A couple weeks ago, one of my lovely friends gave me the most beautiful baby shower. Honestly, she knows how to create the most lovely setting. It was just perfect for a baby girl. I was completely spoiled by friends and family, and feel so fortunate to have so many amazing women in my life. These are just a few of the photos and people from that special day. I am so touched by all the people who came together. As you can see, with only a few weeks to go, I feel ready to pop. Having these showers is a great way to ensure one final pre-baby visit. If my memory serves, I will be way too busy the first few weeks post baby to enjoy a relaxing day with the girls. This was just what the doctor ordered. So thankful for my beautiful friends and family, and especially for the lovely Shelagh, without whom parties like this wouldn't happen.
This little character nails 'em all. Excited to dress my boy up tomorrow… and next year there will be two!
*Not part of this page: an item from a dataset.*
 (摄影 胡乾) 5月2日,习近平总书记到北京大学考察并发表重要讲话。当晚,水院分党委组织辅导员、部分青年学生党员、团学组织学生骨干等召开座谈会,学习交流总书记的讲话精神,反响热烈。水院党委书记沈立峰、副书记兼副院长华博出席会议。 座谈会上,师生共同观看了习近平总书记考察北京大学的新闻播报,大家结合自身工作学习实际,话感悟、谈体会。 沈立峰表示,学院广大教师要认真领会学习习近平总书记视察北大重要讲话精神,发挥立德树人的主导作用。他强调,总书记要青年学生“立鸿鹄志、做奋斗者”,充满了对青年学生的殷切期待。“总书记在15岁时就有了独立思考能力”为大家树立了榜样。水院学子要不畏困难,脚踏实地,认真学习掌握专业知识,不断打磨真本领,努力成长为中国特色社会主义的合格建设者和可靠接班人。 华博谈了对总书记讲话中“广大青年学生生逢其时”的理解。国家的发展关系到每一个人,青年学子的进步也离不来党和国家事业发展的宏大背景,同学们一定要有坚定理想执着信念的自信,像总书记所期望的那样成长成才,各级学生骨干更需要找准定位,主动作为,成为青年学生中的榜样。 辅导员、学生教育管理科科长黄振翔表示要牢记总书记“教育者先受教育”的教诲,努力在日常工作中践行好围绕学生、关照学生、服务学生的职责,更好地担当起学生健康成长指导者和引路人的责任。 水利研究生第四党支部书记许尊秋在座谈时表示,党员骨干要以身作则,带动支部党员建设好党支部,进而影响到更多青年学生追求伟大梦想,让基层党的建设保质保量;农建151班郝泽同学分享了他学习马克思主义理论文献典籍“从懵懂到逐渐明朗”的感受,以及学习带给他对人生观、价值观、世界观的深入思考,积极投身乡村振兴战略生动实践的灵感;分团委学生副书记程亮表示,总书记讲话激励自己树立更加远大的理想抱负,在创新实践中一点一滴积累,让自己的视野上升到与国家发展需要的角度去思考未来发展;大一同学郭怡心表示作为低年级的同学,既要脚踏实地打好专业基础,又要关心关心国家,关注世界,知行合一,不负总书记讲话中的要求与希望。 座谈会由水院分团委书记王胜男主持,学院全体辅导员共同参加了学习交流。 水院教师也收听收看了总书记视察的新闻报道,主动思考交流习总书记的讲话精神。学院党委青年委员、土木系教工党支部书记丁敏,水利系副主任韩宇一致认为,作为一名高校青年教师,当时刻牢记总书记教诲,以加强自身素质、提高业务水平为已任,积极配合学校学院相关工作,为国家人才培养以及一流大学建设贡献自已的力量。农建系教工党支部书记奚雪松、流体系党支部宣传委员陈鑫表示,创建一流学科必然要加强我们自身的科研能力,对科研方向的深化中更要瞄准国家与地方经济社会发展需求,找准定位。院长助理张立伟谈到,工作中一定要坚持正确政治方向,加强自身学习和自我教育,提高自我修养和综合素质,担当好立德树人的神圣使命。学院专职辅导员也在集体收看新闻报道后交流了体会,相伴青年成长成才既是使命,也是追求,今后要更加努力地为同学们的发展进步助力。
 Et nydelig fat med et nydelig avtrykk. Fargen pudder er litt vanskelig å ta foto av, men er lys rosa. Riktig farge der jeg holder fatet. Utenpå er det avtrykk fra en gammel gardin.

I feel like I picked up a few tricks in my first pregnancy, and I am finding myself preparing in a more relaxed and minimal way this time around. I know what worked for me, and I hope to make this second hospital stay and early newborn period as enjoyable as I can-- especially with a toddler around. This is how I'm doing it:
Live by lists- I've always been a bit of a list maker, but the last month or so I have been in overdrive. I have plenty on my plate, and I want to check off as much as I can. Each morning I make a list of things I hope to accomplish throughout the day. Sometimes even writing down basic things like going to the park or changing the sheets help keep my day on track. It also gives me the impression I accomplished something-- even on a less productive day. By including fun things on my list, I make it easy to start crossing things off while leaving plenty of room for fun activities with my boy.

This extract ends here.